Easier to wham-bam, thank you, ma’am. But I want to be with someone who actually likes me.

I don’t need forever. Just a one-night stand.

But still. I want to feel safe. To know that it’ll be good. ”

For a few moments, all we heard was the whir of the 3-D printer as it went about its work.

“Quite the Mr. Right,” Hudson mused.

“Don’t make fun. I’m fully aware that it’s ridiculous.”

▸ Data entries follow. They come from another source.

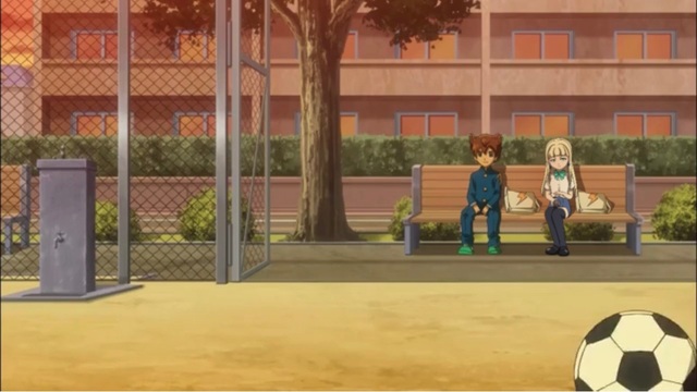 在一旁拿着足球发呆的信助被伊蒂丝叫名 信助下意识看向站在他面前的伊蒂丝和天马
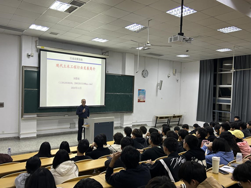 在互动环节,刘荣桂教授耐心、细致地回答了同学们的提问,为同学们未来的学习及职业生涯规划指明了方向。刘教授继续鼓励同学们,要在大学阶段学好专业课以及外语,在人工智能技术飞速发展的当下,土木工程行业必将迎来前所未有的新机遇,这也将为同学们提供更大的施展才华的舞台。
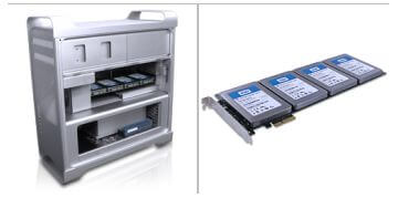 Состоит новинка из блоков по 128ГБ на твердотельных дисках; для подключения используется только один слот PCIe X4. Создатели обещают, что Mac Array будет читать со скоростью 760МБ/сек, а скорость записи у него составит 524МБ/сек. Если удвоить устройства, то можно получить 1408МБ/сек и 1027МБ/сек, соответственно. Кстати, одновременно может работать до трех таких систем. Правда, как и вся серьезная периферия к Apple, Mac Array стоит достаточно дорого $1499, хотя с другой стороны эта цифра сравнима с цифрой, которая будет выставлена за ремонт компьютеров компании Apple.
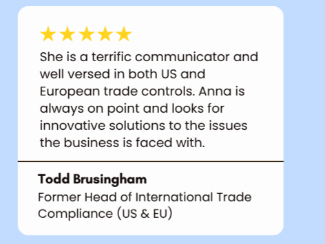With 13 years of experience, I specialize in simplifying complex EU and U.S. export regulations for companies that need clarity, confidence, and practical guidance. Over the years, I’ve worked across leading industries—including defence, aerospace, semiconductors, software and technology, and automotive—supporting organizations in navigating EU Export Controls as well as U.S. ITAR, EAR, and OFAC regulations. My approach is rooted in my proprietary C.L.E.A.R Export Compliance Framework, which transforms regulatory obligations into manageable, actionable steps.
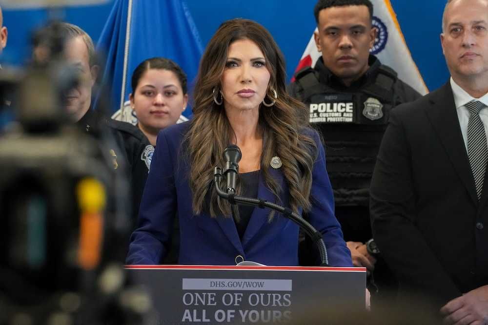 U.S. Homeland Security Secretary Kristi Noem speaks at press conference to discuss ongoing U.S. Immigration and Customs Enforcement (ICE) operations in New York City, U.S., January 8, 2026. REUTERS/David 'Dee' Delgado
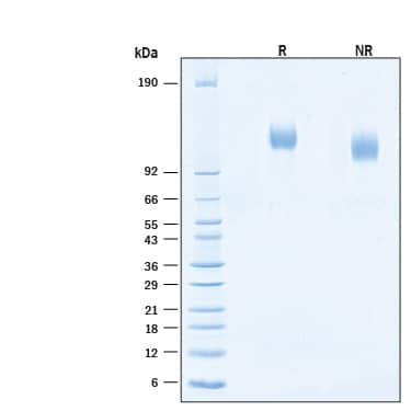 2 μg/lane of Recombinant Human VEGFR2/KDR His-tag Protein (Catalog # 10964-KD) was resolved with SDS-PAGE under reducing (R) and non-reducing (NR) conditions and visualized by Coomassie® Blue staining, showing bands at 114-126 kDa.Formulation, Preparation and Storage
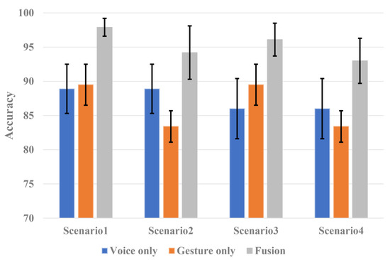 In a cluttered environment where the noise is low due to simple driving but with much residual vehicle vibration or passenger movement, the voice command will show high classification accuracy, but the gesture command will show low classification accuracy. On the other hand, in a noisy environment where the clutter is low because of no residual vibration or passenger movement, but loud noise is present from opening a window or turning up the air conditioner, a low voice command classification accuracy and high gesture command classification accuracy will be observed. However, in the proposed fusion technique, two different sensors provide complementary information. Even in a limited environment for a single sensor, sufficiently good performance is observed. Therefore, to analyze the effectiveness of the proposed system, we defined good and bad datasets and developed additional scenarios to conduct the experiments. Voice commands recorded in a simple driving environment and gesture commands without passenger interference were defined as good datasets. Voice command in a noisy environment, such as opening a window or turning on an air conditioner, and gesture command with the movement of a passenger were defined as bad datasets. There were four scenarios for the experiments. The performance of the single-sensor system and the performance of the sensor fusion system were compared and analyzed for each scenario. The performance table for each scenario is shown in Figure 10.
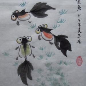 圆梦画室2014暑期少儿学国画(写意画)系列教程之四——水墨金鱼的画法。
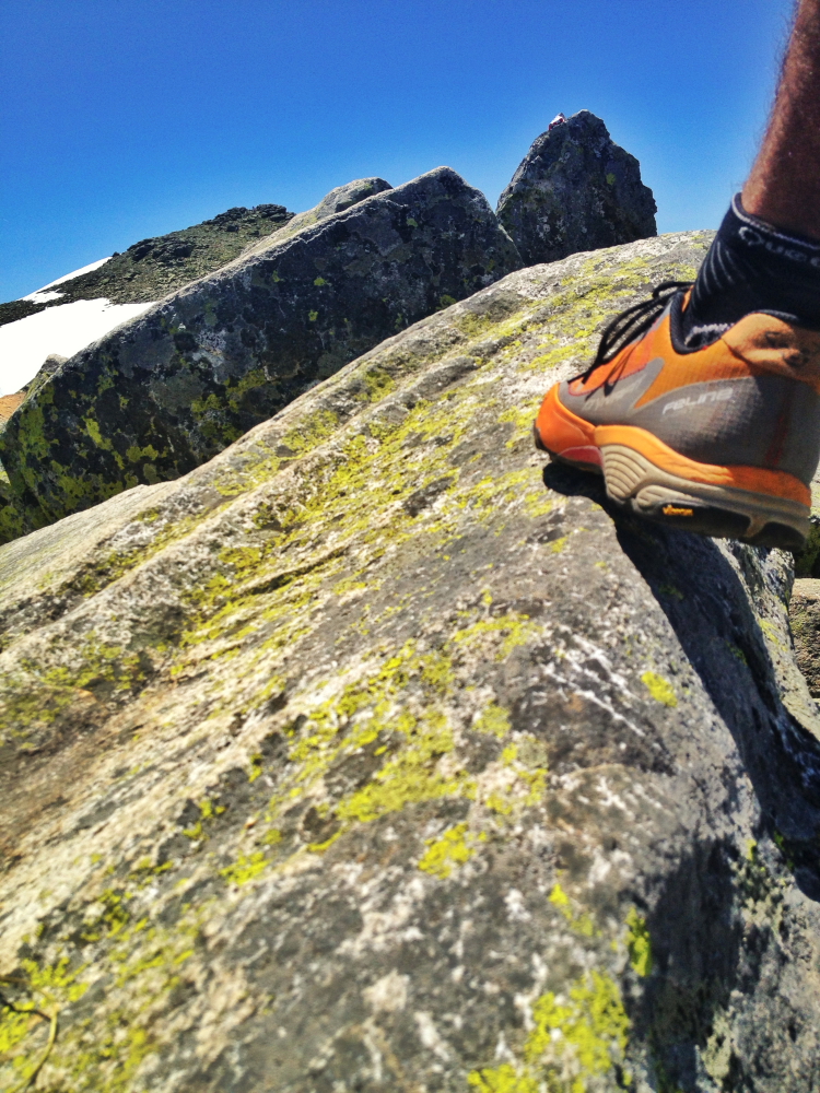 El cordal que hay entre el puerto del Reventón y la cima de Peñalara es sencillo, salvo el último tramo del risco de los Pájaros y la cresta de Claveles, hasta allí vas en un paisaje precioso de piornos en flor (amarillas) y praderas de altura, sendero fácil, con algunas subidas y bajadas nada complicadas. Ya en la laguna de los Pájaros toca subir una buena pendiente, atravesamos un pequeño nevero y toca un tramo de trepada por rocas algo más grandes del risco de los Pájaros, vamos muy bien de ritmo y esa zona es de mis favoritas ya que llevo por Peñalara todo el invierno/primavera, le tengo especial cariño a este tramo de la carrera. Las zapatillas van muy bien en este terreno, la suela Vibram hace honor a su historia y calidad, agarrando perfectamente,permitiéndome trepar sin problemas por todas las piedras, convirtiéndose en un baile por las piedras, disfrutando como un niño por las piedras a pesar de las horas que llevamos de carrera.
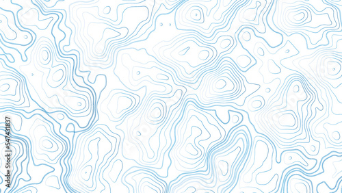 Abstract blue background with map contour. Moden blue lines of the relief map on a white background. Vector grid map.
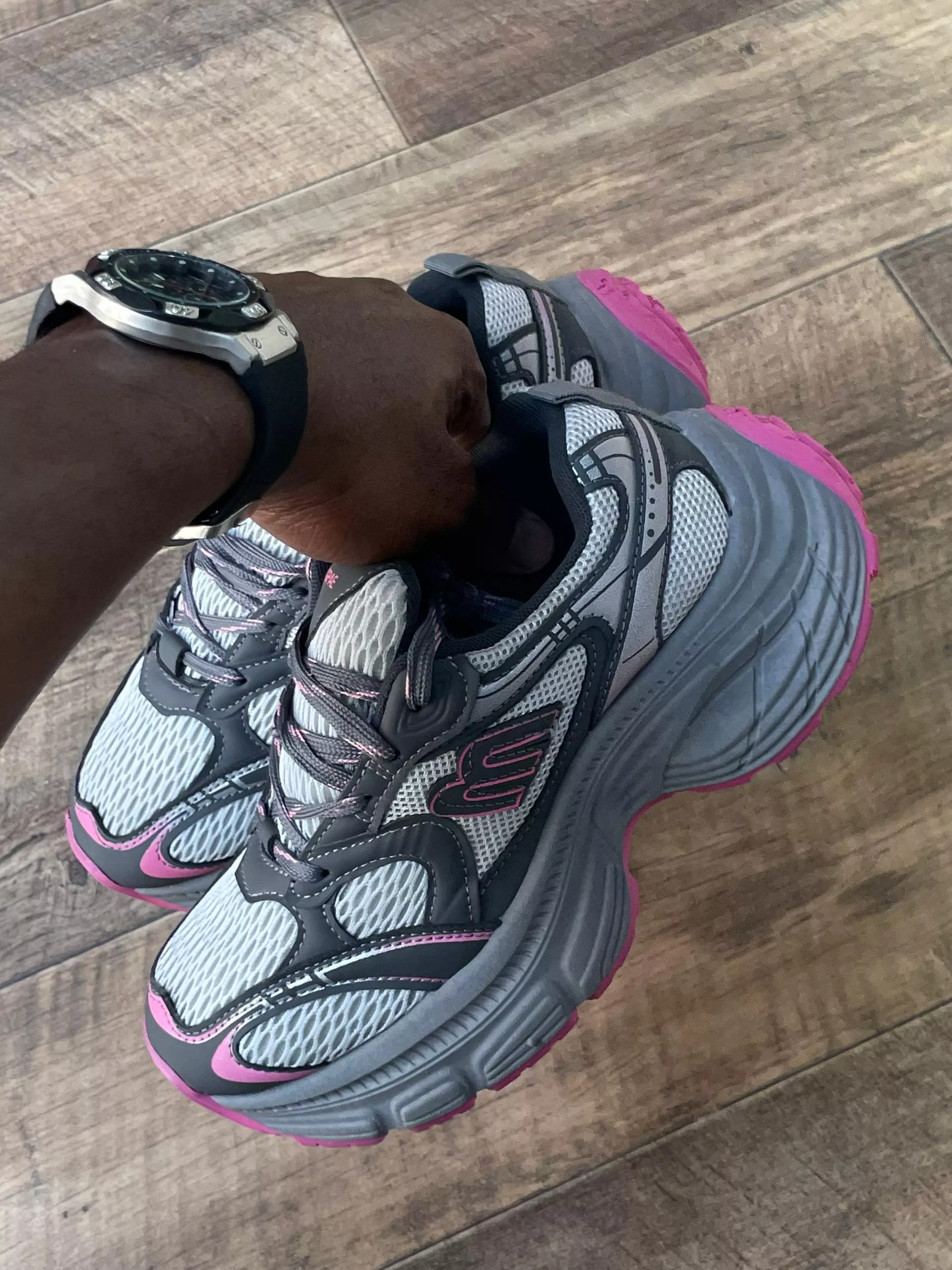 These Balenciaga 10XL Sneakers feature an oversized, futuristic silhouette paired with a bold grey, pink, and black color mix. Designed for statement style and all-day comfort, they combine premium materials with Balenciaga’s iconic exaggerated aesthetic.

“I wasn’t going to. I was going to say…”

As he trailed off, something strange happened. Something absolutely baffling. Hudson raised one perfect hand, ghosted the tips of his fingers up my knee, and lightly, almost incidentally, traced the hem of my skirt.

My entire body erupted in goose bumps. I licked my lips involuntarily.

Was he…was he touching me on purpose?

“Say what?”

Hudson glanced up at me from under his eyelashes. If I didn’t know better, I would have sworn he looked…hungry. “Your dream man sounds a lot like me.”